GIVEN DATA —
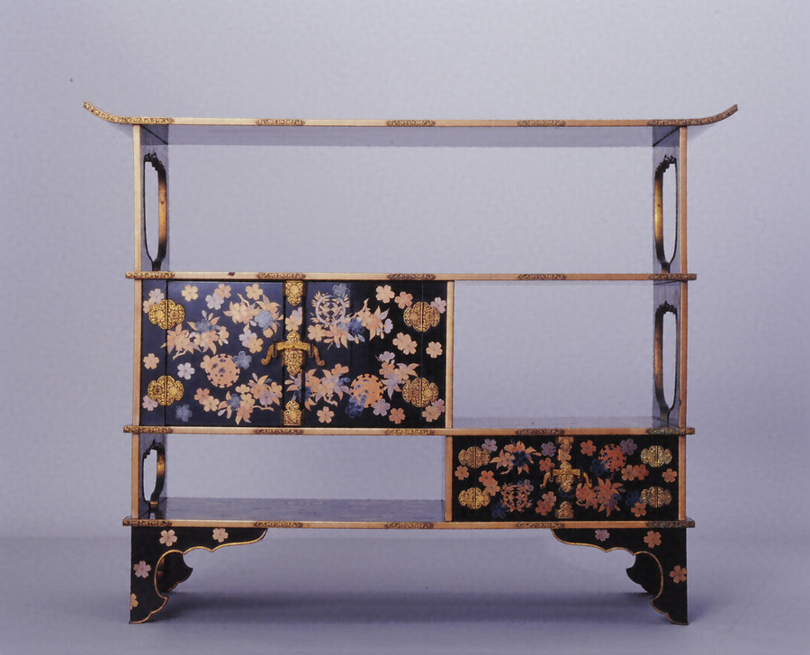 厨子棚とは、四段の棚と二箇所の局からなり、手箱や香道具・硯箱などを飾る棚のこと。黒棚・書棚とセットで三棚とされ、婚礼調度の中では格式の高い調度の一つである。黒漆塗の地に金・銀・青金・絵梨子地の平蒔絵で桜折枝と桜花文様を比較的密にあらわし、雪薄紋と竹に雀紋とを散らしている。局の扉裏の一つには松竹梅を、もう一つには松竹南天をあらわしている。金具は唐草に雪薄紋と竹に雀紋。これらの家紋は仙台藩伊達家の紋であることから、宝暦8年(1758)に7代藩主鍋島重茂に嫁した源姫(1739-1761)の婚礼調度の一つと考えられる。源姫は仙台藩伊達家6代藩主宗村女の惇子姫で、母は紀州徳川宗直女で8代将軍吉宗養女利根姫。
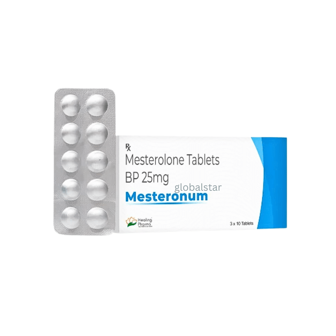 Oral androgenic tablet containing 25 mg Mesterolone for treating male hypogonadism and infertility.
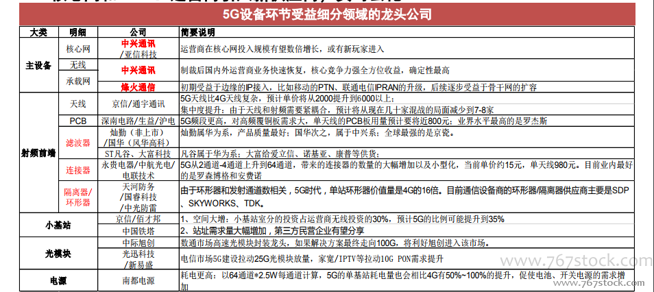 5G设备的投资策略是聚焦龙头找增量最大方向。2019年:5G“主题”逐渐落地,突破垄断环节、放量规模成为关注点。核心设备:技术升级+白盒化趋势,量价双升(天线、连接器、环形器),价值量提升(介质滤波器,PCB板),核心网和MEC:运营商引入新供应商,实时云化NFV。
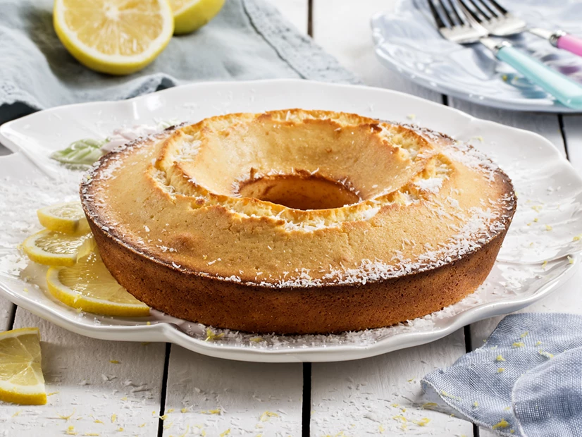 Desenforme e deixe arrefecer. Decore o bolo com açúcar em pó ou côco ralado.
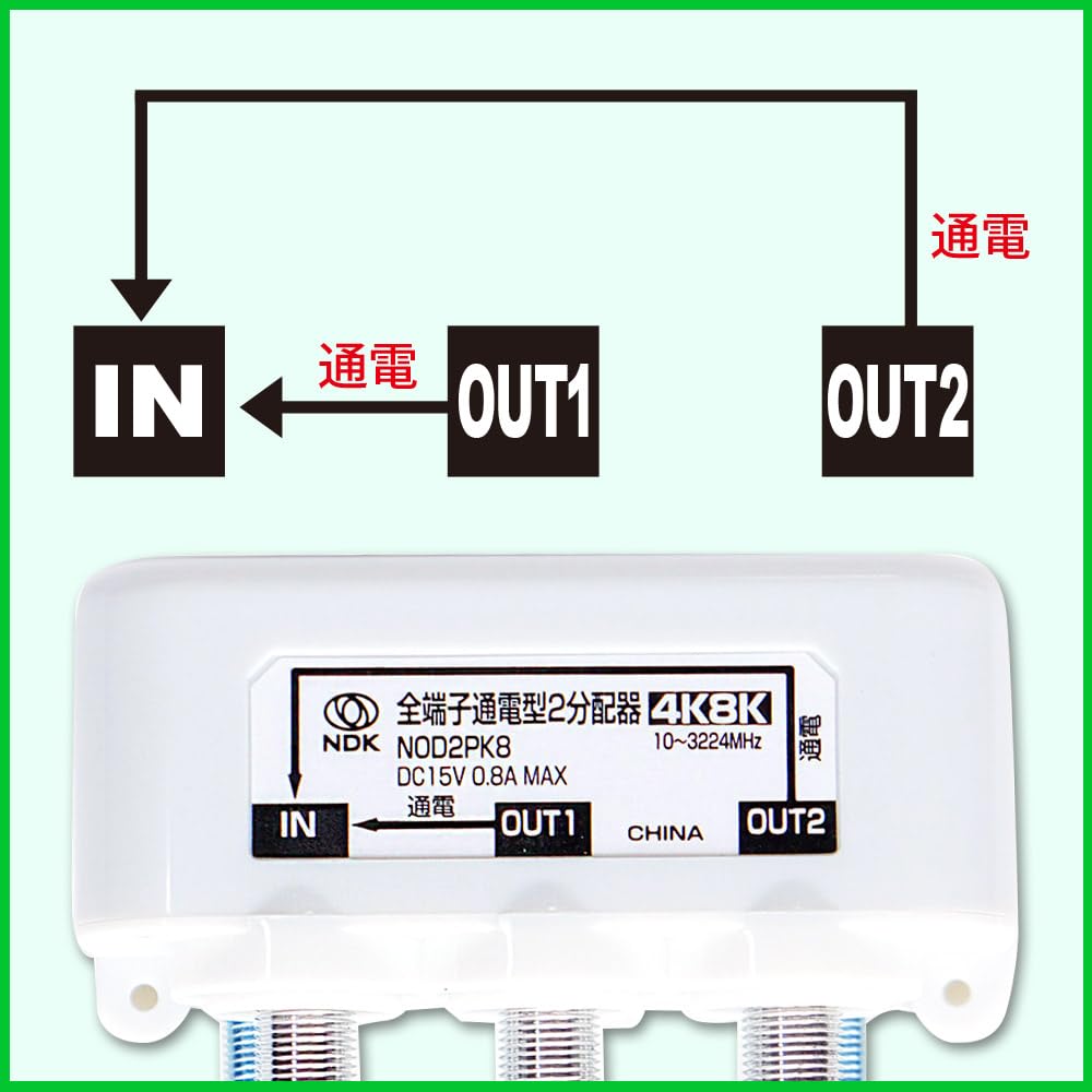 二幸電気工業 アンテナ分配器 2分配 ( 4K 8K BS CS CATV 地デジ ) 屋外用 全端子通電型 2分配器 (NOD2PK8)

EXERCISE DESCRIPTION — Reproduce the entries exactly, from the line with "Oral androgenic tablet" to the line with "5G设备的投资策略是聚焦龙头", both lines included, keeping no pictures.

RESPONSE TO THE TASK —
 Oral androgenic tablet containing 25 mg Mesterolone for treating male hypogonadism and infertility.
 5G设备的投资策略是聚焦龙头找增量最大方向。2019年:5G“主题”逐渐落地,突破垄断环节、放量规模成为关注点。核心设备:技术升级+白盒化趋势,量价双升(天线、连接器、环形器),价值量提升(介质滤波器,PCB板),核心网和MEC:运营商引入新供应商,实时云化NFV。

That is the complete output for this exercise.